-- Work task --
In this exercise, the entries below include pictures. Repeat exactly the lines from the line with "1、昨天中国黄金集团召开了年" to the line with "Ordinary Expenditure in", including both, but without the pictures.

-- Records provided --
▼▼▼

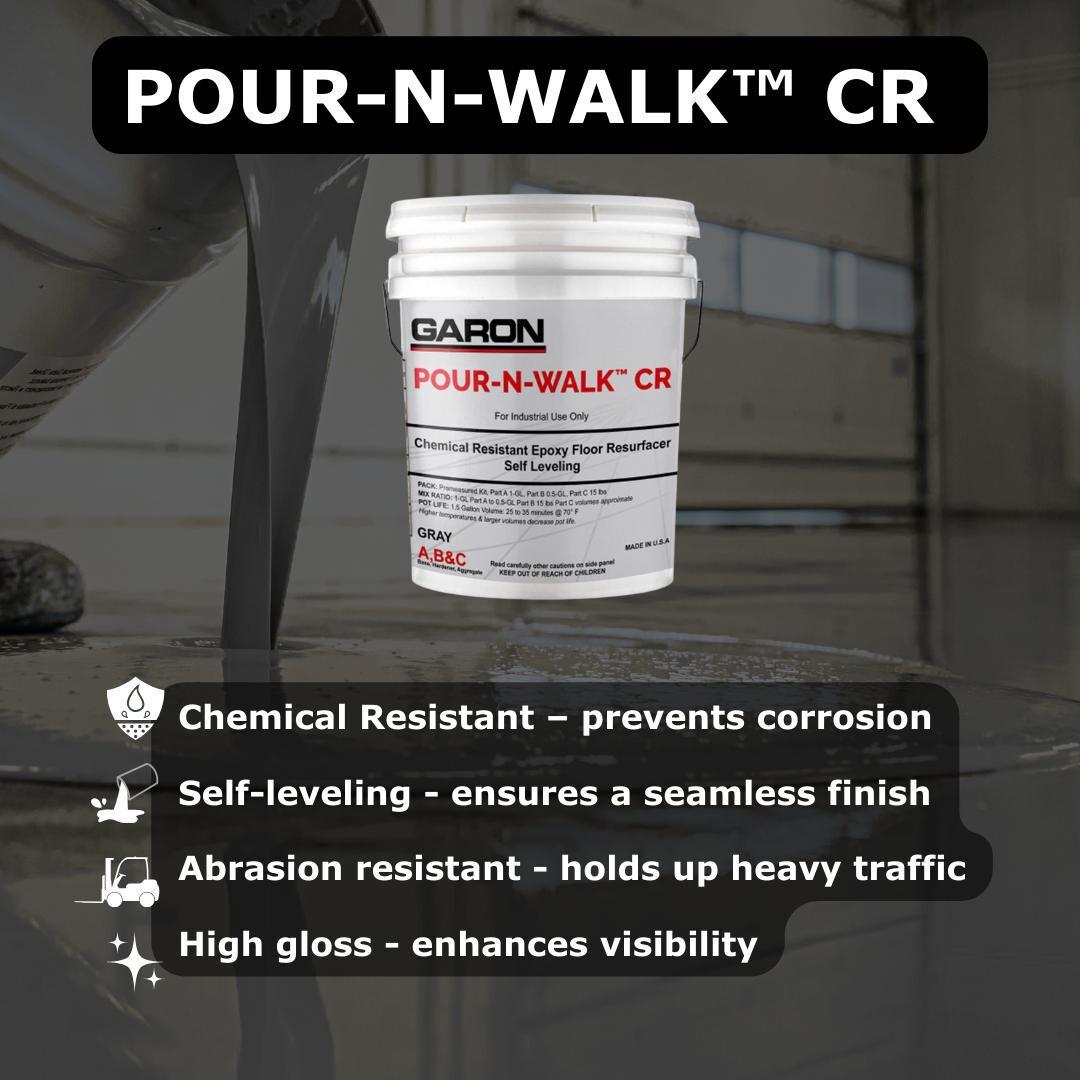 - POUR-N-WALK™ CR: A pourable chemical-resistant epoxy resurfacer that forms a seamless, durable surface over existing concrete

▲▲▲
▼▼▼

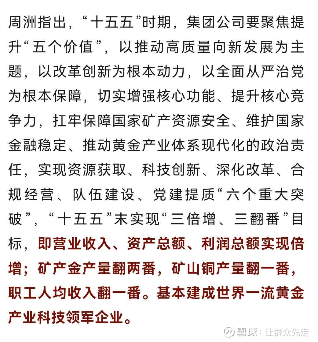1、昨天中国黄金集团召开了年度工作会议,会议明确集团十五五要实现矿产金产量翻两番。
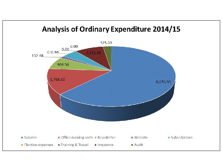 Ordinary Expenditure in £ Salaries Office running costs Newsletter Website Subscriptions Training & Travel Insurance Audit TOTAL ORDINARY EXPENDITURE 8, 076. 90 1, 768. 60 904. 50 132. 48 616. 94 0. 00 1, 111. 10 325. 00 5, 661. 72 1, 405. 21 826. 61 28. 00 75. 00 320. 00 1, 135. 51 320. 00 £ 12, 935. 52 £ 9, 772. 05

▲▲▲

-- Your solution --
1、昨天中国黄金集团召开了年度工作会议,会议明确集团十五五要实现矿产金产量翻两番。
 Ordinary Expenditure in £ Salaries Office running costs Newsletter Website Subscriptions Training & Travel Insurance Audit TOTAL ORDINARY EXPENDITURE 8, 076. 90 1, 768. 60 904. 50 132. 48 616. 94 0. 00 1, 111. 10 325. 00 5, 661. 72 1, 405. 21 826. 61 28. 00 75. 00 320. 00 1, 135. 51 320. 00 £ 12, 935. 52 £ 9, 772. 05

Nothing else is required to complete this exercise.